_EXERCISE DIRECTIONS:_ The expected output is the full set of entries, retyped verbatim, pictures excluded.

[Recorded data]

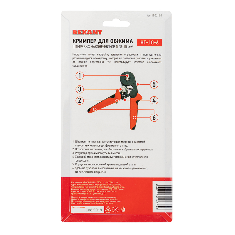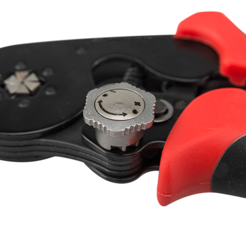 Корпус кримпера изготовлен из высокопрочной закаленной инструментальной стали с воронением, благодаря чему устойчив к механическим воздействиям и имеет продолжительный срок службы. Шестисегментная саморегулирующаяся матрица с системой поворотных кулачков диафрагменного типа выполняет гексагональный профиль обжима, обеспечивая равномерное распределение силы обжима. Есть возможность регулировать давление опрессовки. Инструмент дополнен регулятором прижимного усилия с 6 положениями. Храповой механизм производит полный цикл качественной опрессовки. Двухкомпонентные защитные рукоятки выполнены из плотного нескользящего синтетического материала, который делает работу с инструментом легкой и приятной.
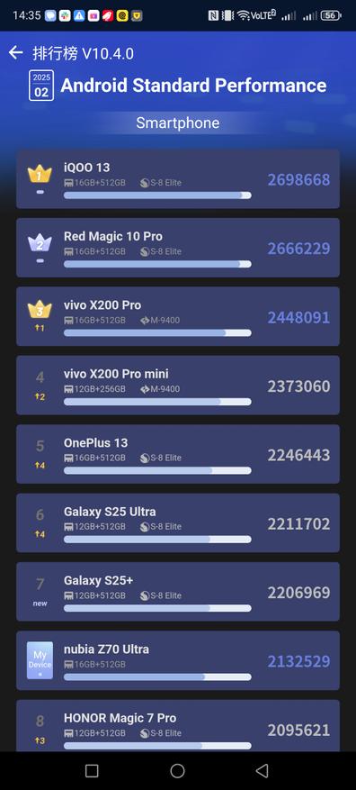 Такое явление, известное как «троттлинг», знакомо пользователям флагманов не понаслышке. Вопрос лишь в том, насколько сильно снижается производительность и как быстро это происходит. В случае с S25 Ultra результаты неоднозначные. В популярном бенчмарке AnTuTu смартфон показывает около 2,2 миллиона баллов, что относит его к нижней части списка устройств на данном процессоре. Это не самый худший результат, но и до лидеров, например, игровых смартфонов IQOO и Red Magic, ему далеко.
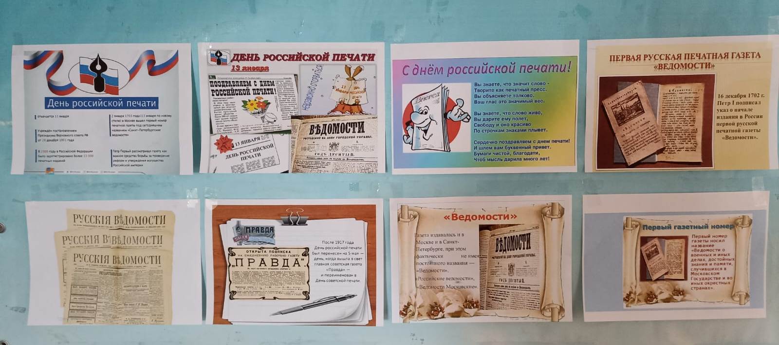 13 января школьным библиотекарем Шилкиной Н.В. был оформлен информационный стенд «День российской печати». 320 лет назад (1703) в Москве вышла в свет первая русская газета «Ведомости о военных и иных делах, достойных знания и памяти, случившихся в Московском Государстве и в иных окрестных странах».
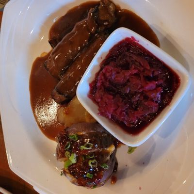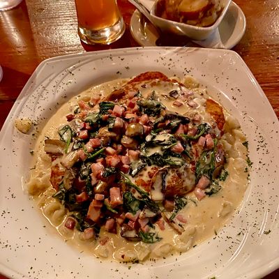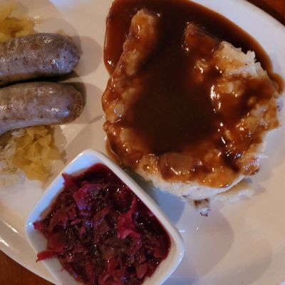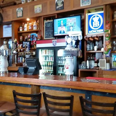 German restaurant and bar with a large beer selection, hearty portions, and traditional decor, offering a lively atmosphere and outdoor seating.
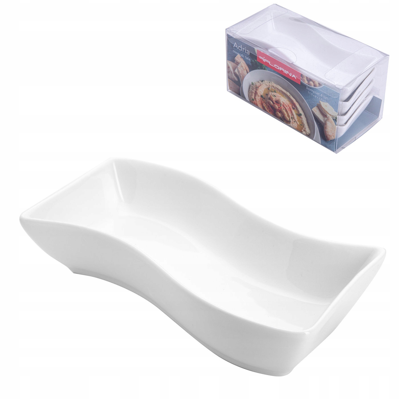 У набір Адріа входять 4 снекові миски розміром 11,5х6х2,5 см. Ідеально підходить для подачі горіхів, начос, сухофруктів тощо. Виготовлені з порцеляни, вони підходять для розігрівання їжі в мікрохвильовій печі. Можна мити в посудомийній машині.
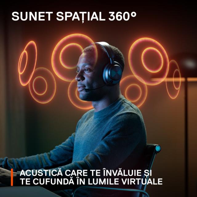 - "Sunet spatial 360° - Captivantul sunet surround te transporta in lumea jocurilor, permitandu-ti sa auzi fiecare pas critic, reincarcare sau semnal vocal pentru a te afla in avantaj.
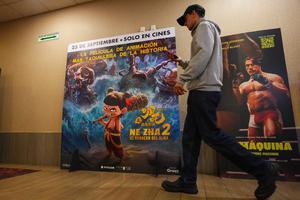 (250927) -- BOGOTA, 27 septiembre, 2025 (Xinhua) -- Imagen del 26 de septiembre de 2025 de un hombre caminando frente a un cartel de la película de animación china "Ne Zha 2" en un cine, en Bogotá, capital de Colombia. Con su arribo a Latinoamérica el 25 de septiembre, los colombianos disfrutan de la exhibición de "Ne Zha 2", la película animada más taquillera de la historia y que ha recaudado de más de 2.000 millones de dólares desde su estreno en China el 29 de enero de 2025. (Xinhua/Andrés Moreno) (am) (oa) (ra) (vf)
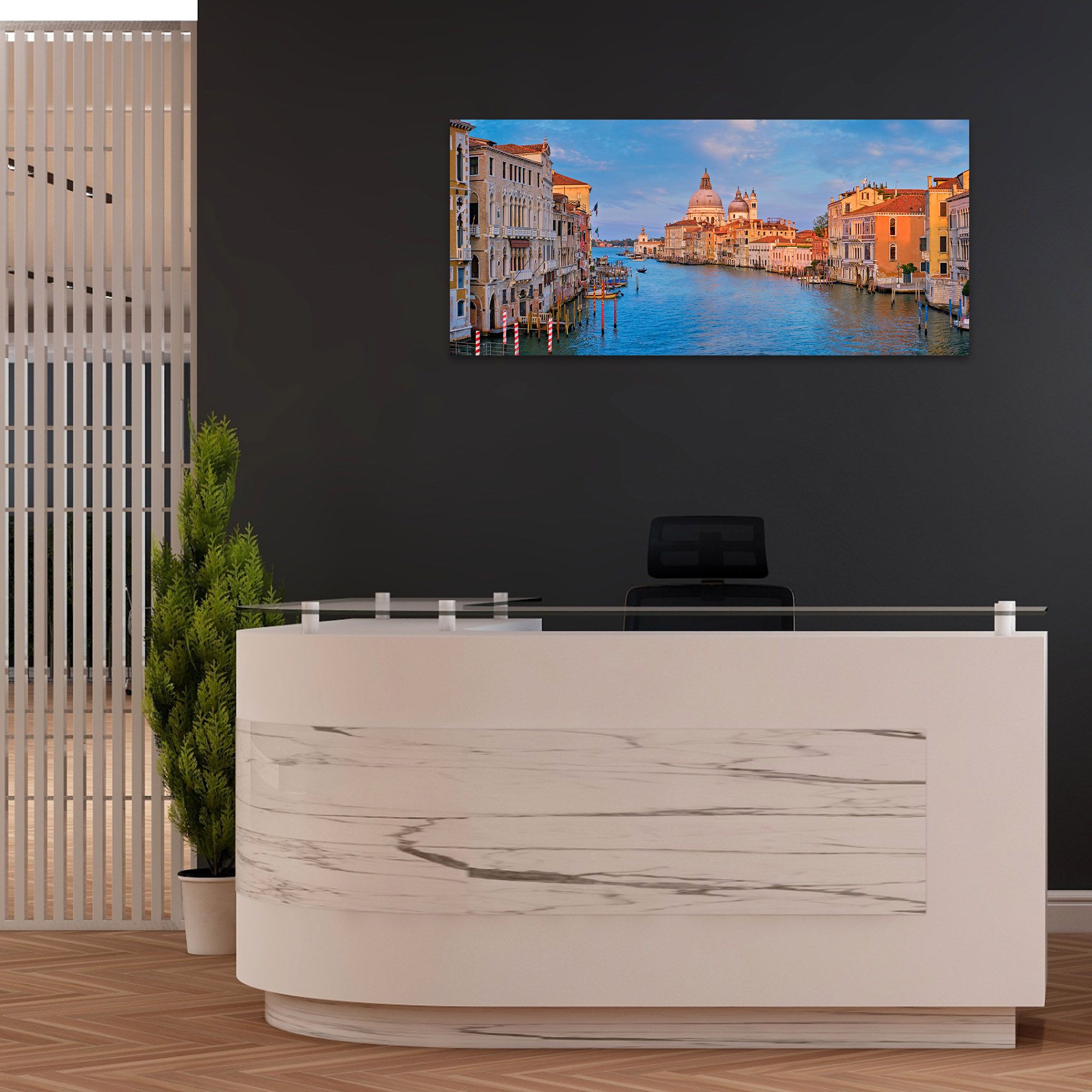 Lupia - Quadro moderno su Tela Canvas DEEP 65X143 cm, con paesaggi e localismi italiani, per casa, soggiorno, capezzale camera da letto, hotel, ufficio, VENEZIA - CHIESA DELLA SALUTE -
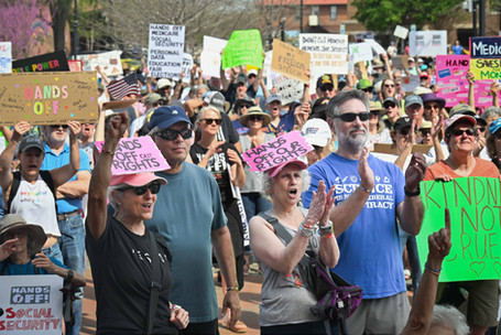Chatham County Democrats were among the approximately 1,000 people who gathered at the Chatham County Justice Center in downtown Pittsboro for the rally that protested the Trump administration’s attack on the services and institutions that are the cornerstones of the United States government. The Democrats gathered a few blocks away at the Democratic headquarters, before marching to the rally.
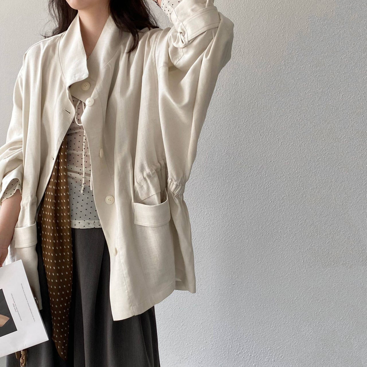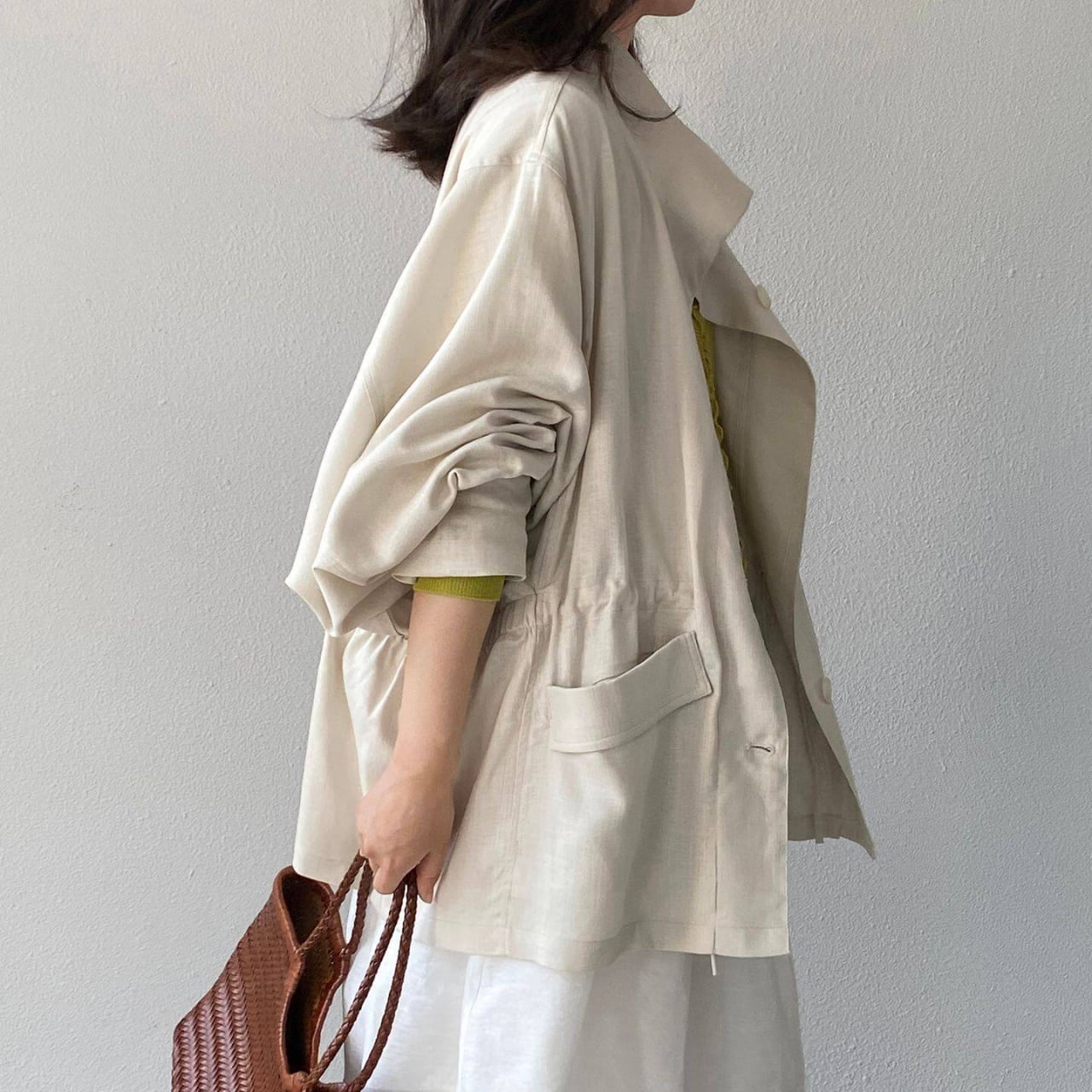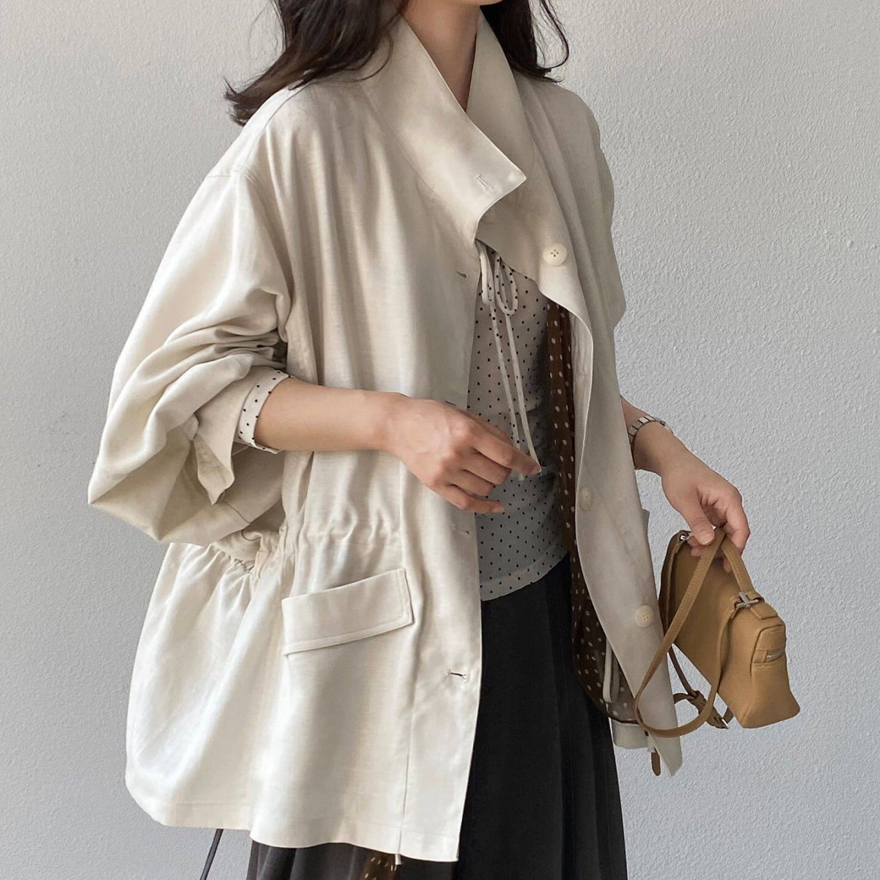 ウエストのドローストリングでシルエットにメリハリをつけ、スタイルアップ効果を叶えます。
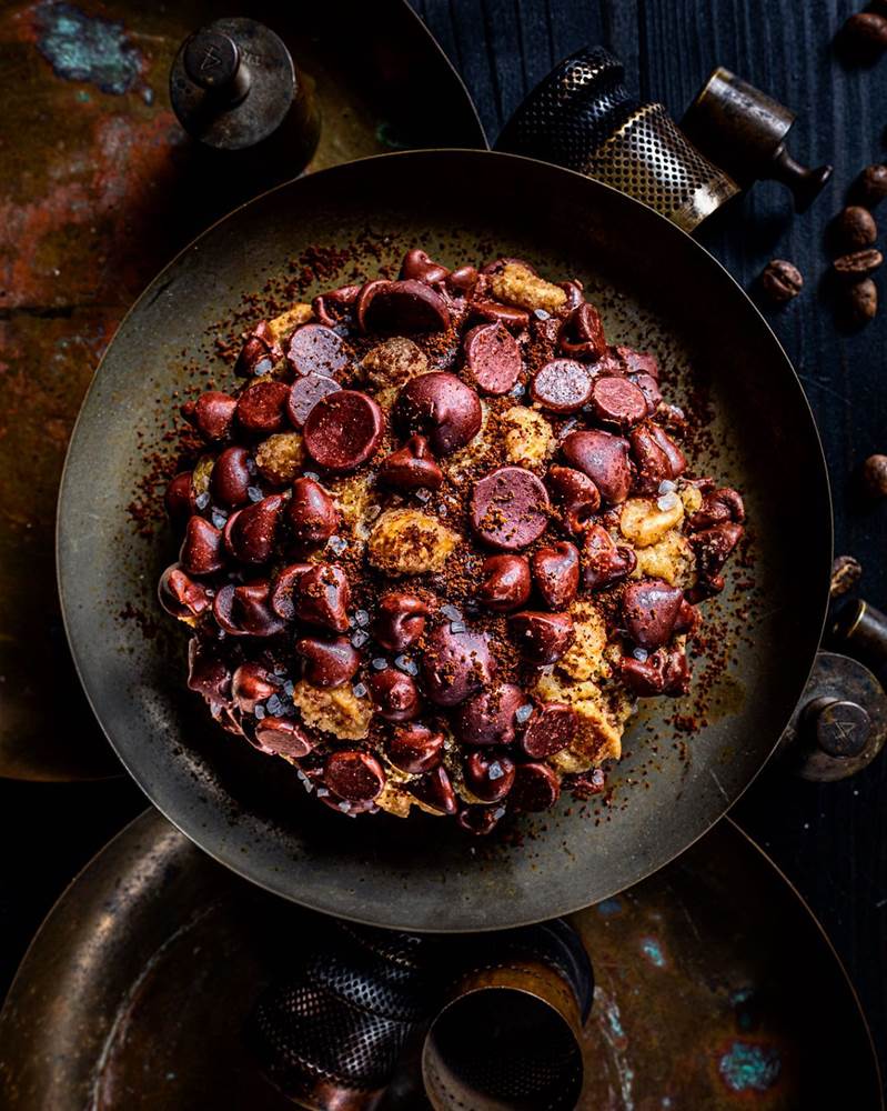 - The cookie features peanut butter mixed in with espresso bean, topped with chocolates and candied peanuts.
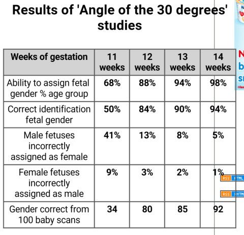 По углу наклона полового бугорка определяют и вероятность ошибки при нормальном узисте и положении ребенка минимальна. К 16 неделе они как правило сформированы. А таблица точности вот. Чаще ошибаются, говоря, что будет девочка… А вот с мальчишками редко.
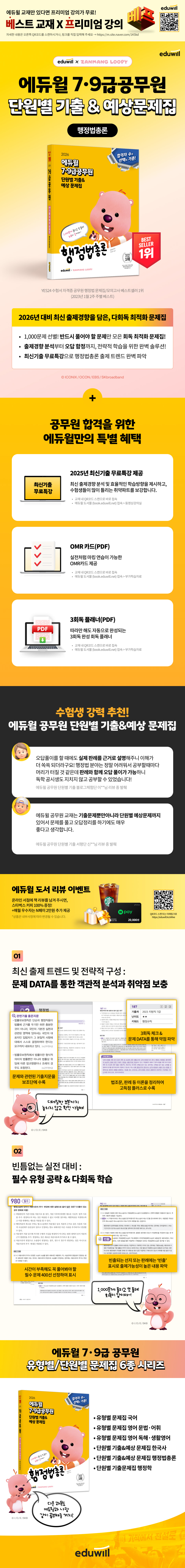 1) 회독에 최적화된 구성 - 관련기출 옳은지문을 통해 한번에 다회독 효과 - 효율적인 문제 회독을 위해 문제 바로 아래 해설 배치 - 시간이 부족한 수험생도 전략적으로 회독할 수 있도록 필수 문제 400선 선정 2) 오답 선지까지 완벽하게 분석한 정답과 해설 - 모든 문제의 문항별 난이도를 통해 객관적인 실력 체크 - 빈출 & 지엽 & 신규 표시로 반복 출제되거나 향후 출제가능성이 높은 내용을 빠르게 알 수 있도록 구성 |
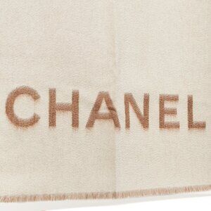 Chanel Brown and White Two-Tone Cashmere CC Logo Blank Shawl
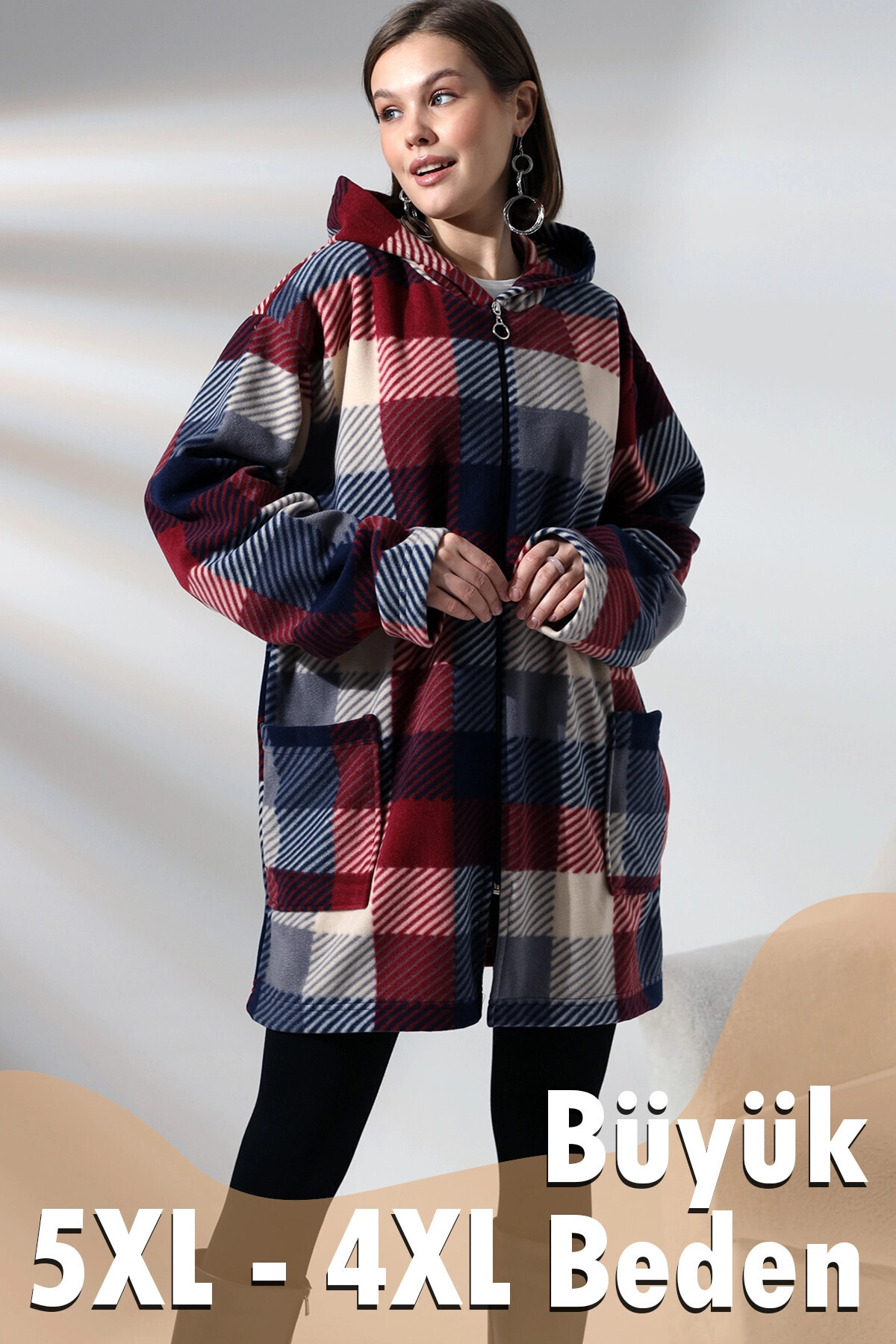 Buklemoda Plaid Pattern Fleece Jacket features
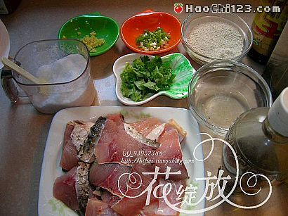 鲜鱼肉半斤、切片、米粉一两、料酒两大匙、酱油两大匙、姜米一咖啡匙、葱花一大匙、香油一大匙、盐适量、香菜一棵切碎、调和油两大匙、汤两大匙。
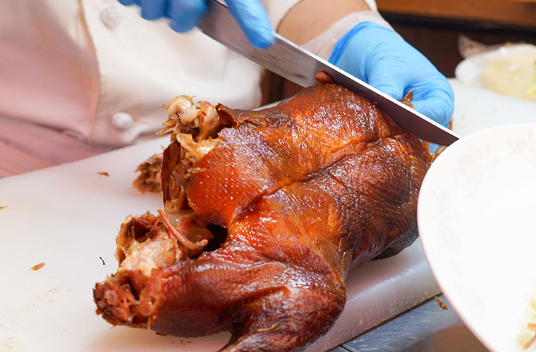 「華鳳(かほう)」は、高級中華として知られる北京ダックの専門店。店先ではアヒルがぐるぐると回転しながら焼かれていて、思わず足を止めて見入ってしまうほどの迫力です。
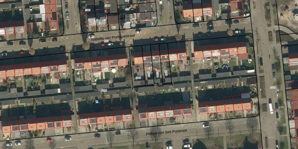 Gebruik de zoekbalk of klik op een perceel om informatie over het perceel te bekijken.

_COMPLETED EXERCISE:_
 Корпус кримпера изготовлен из высокопрочной закаленной инструментальной стали с воронением, благодаря чему устойчив к механическим воздействиям и имеет продолжительный срок службы. Шестисегментная саморегулирующаяся матрица с системой поворотных кулачков диафрагменного типа выполняет гексагональный профиль обжима, обеспечивая равномерное распределение силы обжима. Есть возможность регулировать давление опрессовки. Инструмент дополнен регулятором прижимного усилия с 6 положениями. Храповой механизм производит полный цикл качественной опрессовки. Двухкомпонентные защитные рукоятки выполнены из плотного нескользящего синтетического материала, который делает работу с инструментом легкой и приятной.
 Такое явление, известное как «троттлинг», знакомо пользователям флагманов не понаслышке. Вопрос лишь в том, насколько сильно снижается производительность и как быстро это происходит. В случае с S25 Ultra результаты неоднозначные. В популярном бенчмарке AnTuTu смартфон показывает около 2,2 миллиона баллов, что относит его к нижней части списка устройств на данном процессоре. Это не самый худший результат, но и до лидеров, например, игровых смартфонов IQOO и Red Magic, ему далеко.
 13 января школьным библиотекарем Шилкиной Н.В. был оформлен информационный стенд «День российской печати». 320 лет назад (1703) в Москве вышла в свет первая русская газета «Ведомости о военных и иных делах, достойных знания и памяти, случившихся в Московском Государстве и в иных окрестных странах».
 German restaurant and bar with a large beer selection, hearty portions, and traditional decor, offering a lively atmosphere and outdoor seating.
 У набір Адріа входять 4 снекові миски розміром 11,5х6х2,5 см. Ідеально підходить для подачі горіхів, начос, сухофруктів тощо. Виготовлені з порцеляни, вони підходять для розігрівання їжі в мікрохвильовій печі. Можна мити в посудомийній машині.
 - "Sunet spatial 360° - Captivantul sunet surround te transporta in lumea jocurilor, permitandu-ti sa auzi fiecare pas critic, reincarcare sau semnal vocal pentru a te afla in avantaj.
 (250927) -- BOGOTA, 27 septiembre, 2025 (Xinhua) -- Imagen del 26 de septiembre de 2025 de un hombre caminando frente a un cartel de la película de animación china "Ne Zha 2" en un cine, en Bogotá, capital de Colombia. Con su arribo a Latinoamérica el 25 de septiembre, los colombianos disfrutan de la exhibición de "Ne Zha 2", la película animada más taquillera de la historia y que ha recaudado de más de 2.000 millones de dólares desde su estreno en China el 29 de enero de 2025. (Xinhua/Andrés Moreno) (am) (oa) (ra) (vf)
 Lupia - Quadro moderno su Tela Canvas DEEP 65X143 cm, con paesaggi e localismi italiani, per casa, soggiorno, capezzale camera da letto, hotel, ufficio, VENEZIA - CHIESA DELLA SALUTE -
Chatham County Democrats were among the approximately 1,000 people who gathered at the Chatham County Justice Center in downtown Pittsboro for the rally that protested the Trump administration’s attack on the services and institutions that are the cornerstones of the United States government. The Democrats gathered a few blocks away at the Democratic headquarters, before marching to the rally.
 ウエストのドローストリングでシルエットにメリハリをつけ、スタイルアップ効果を叶えます。
 - The cookie features peanut butter mixed in with espresso bean, topped with chocolates and candied peanuts.
 По углу наклона полового бугорка определяют и вероятность ошибки при нормальном узисте и положении ребенка минимальна. К 16 неделе они как правило сформированы. А таблица точности вот. Чаще ошибаются, говоря, что будет девочка… А вот с мальчишками редко.
 1) 회독에 최적화된 구성 - 관련기출 옳은지문을 통해 한번에 다회독 효과 - 효율적인 문제 회독을 위해 문제 바로 아래 해설 배치 - 시간이 부족한 수험생도 전략적으로 회독할 수 있도록 필수 문제 400선 선정 2) 오답 선지까지 완벽하게 분석한 정답과 해설 - 모든 문제의 문항별 난이도를 통해 객관적인 실력 체크 - 빈출 & 지엽 & 신규 표시로 반복 출제되거나 향후 출제가능성이 높은 내용을 빠르게 알 수 있도록 구성 |
 Chanel Brown and White Two-Tone Cashmere CC Logo Blank Shawl
 Buklemoda Plaid Pattern Fleece Jacket features
 鲜鱼肉半斤、切片、米粉一两、料酒两大匙、酱油两大匙、姜米一咖啡匙、葱花一大匙、香油一大匙、盐适量、香菜一棵切碎、调和油两大匙、汤两大匙。
 「華鳳(かほう)」は、高級中華として知られる北京ダックの専門店。店先ではアヒルがぐるぐると回転しながら焼かれていて、思わず足を止めて見入ってしまうほどの迫力です。
 Gebruik de zoekbalk of klik op een perceel om informatie over het perceel te bekijken.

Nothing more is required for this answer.